There is a simpler way. To do this, the sash of the film is glued directly to the back side of the ventilation grill. However, with this design, the fixing of the film to the lateral sides of the plastic lattice is carried out with the help of adhesive tape, which over time can lose its properties and come off. Therefore, gluing the shutters to the cardboard surface is the preferred option.

How is the installation?

In order to equip the wall ventilation outlet with a non-return valve, it is necessary to provide that the effect of the overturned draft does not occur with any combination of the bathroom’s bathroom, bathroom and kitchen pull-out devices.Therefore, if a tee is installed in the ventilation system, which collects air from all points of the intake and leads it into a common duct, all outlets should be equipped with valves.

An important condition for placing check valves is to provide free access to them. This requirement is dictated by the need to regularly clean the devices from adhering grease and dust. If the devices are rarely cleaned or not cleaned at all from dirt, then due to the adhered deposits, the valves will no longer fit tightly to the valve, and the device will become ineffective.

Installation of a check valve is made at the outlet of the ventilation duct using liquid nails or self-tapping screws. The second option is much more preferable from a practical point of view: if you need to clean the device, you can easily unscrew it, and after processing it is also easy to put it in place. When fixing the valve, it is necessary to check that the device completely blocks the duct opening.

When installing valves on systems with forced removal of polluted air, the device is placed in the ventilation duct behind the fan.

  • To do this, remove the fan, insert the valve into the duct and mark the place for its attachment.
  • Then the valve is removed again and in the marked places drill holes for fasteners.
  • Next, the valve is again installed in the ventilation channel and through the drilled holes mark the attachment points on the wall surface. Then using the bolt marked places drilled and prepared for the installation of dowels.
  • Then the anti-return valve is installed in the ventilation channel and fixed, filling the gap between the device and the surface of the channel with silicone sealant. Some models do not need additional sealing of connections and are already equipped with a rubber sealing ring, which contributes to a more tight connection of the duct and valve.
  • The final stage of installation will be to install the fan in its place and test run the system.
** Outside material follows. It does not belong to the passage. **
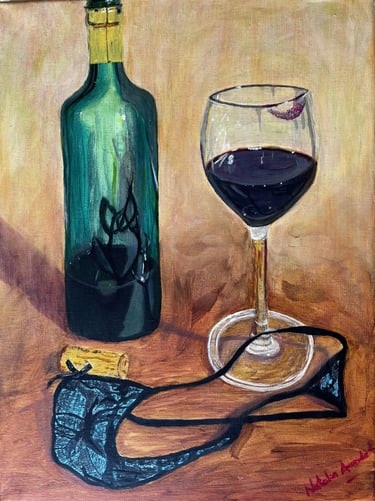 Una copa marcada, por un labial una botella abierta, y un gesto detenido tras el instante.Una obra que evoca esos momentos donde nos dejamos llevar: pasión, emoción y sensualidad convertidas en imagen.

The installation of external louver-type valves is performed on the same principle. The only conditions for the selection of such devices are the material of manufacture and the presence of additional functions. These include anti-vandal devices that prevent damage or damage to the blinds, as well as the presence of heat recovery function.The latter option is especially important for outdoor models: it prevents valve icing and contributes to its proper operation during the winter period.
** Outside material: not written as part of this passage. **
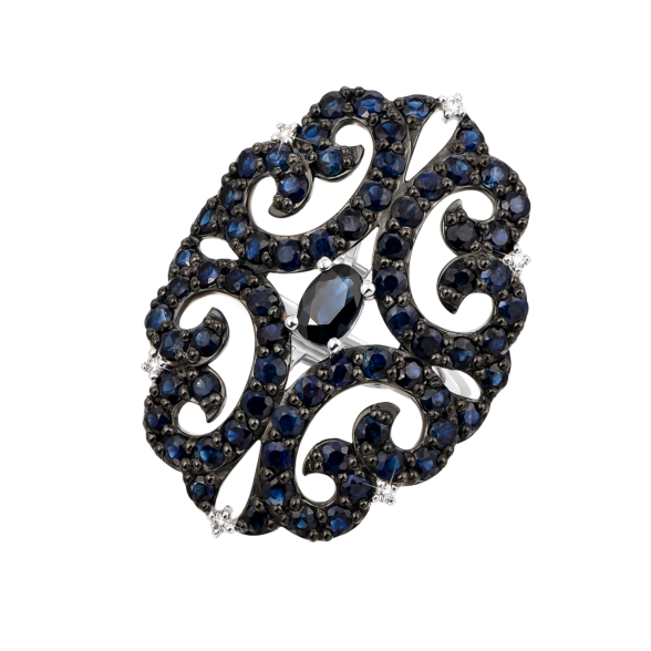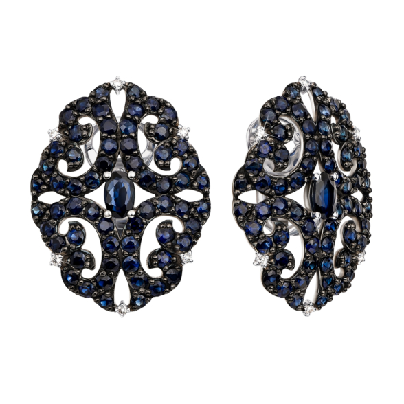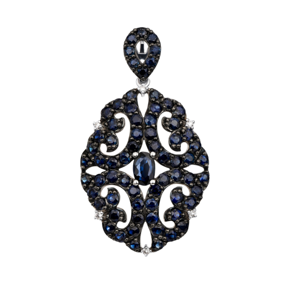 Підвіска з білого золота 585 проби з діамантами і сапфірами

The correct choice, competent installation and timely service of the check valve contribute to the effective protection of the apartment from unpleasant odors, extraneous noise and dust. This allows to significantly improve the air quality in the room and leads to the creation of a comfortable microclimate inside it.

How to make a check valve with your own hands, see the next video.

Information provided for reference purposes. For construction issues, always consult a specialist.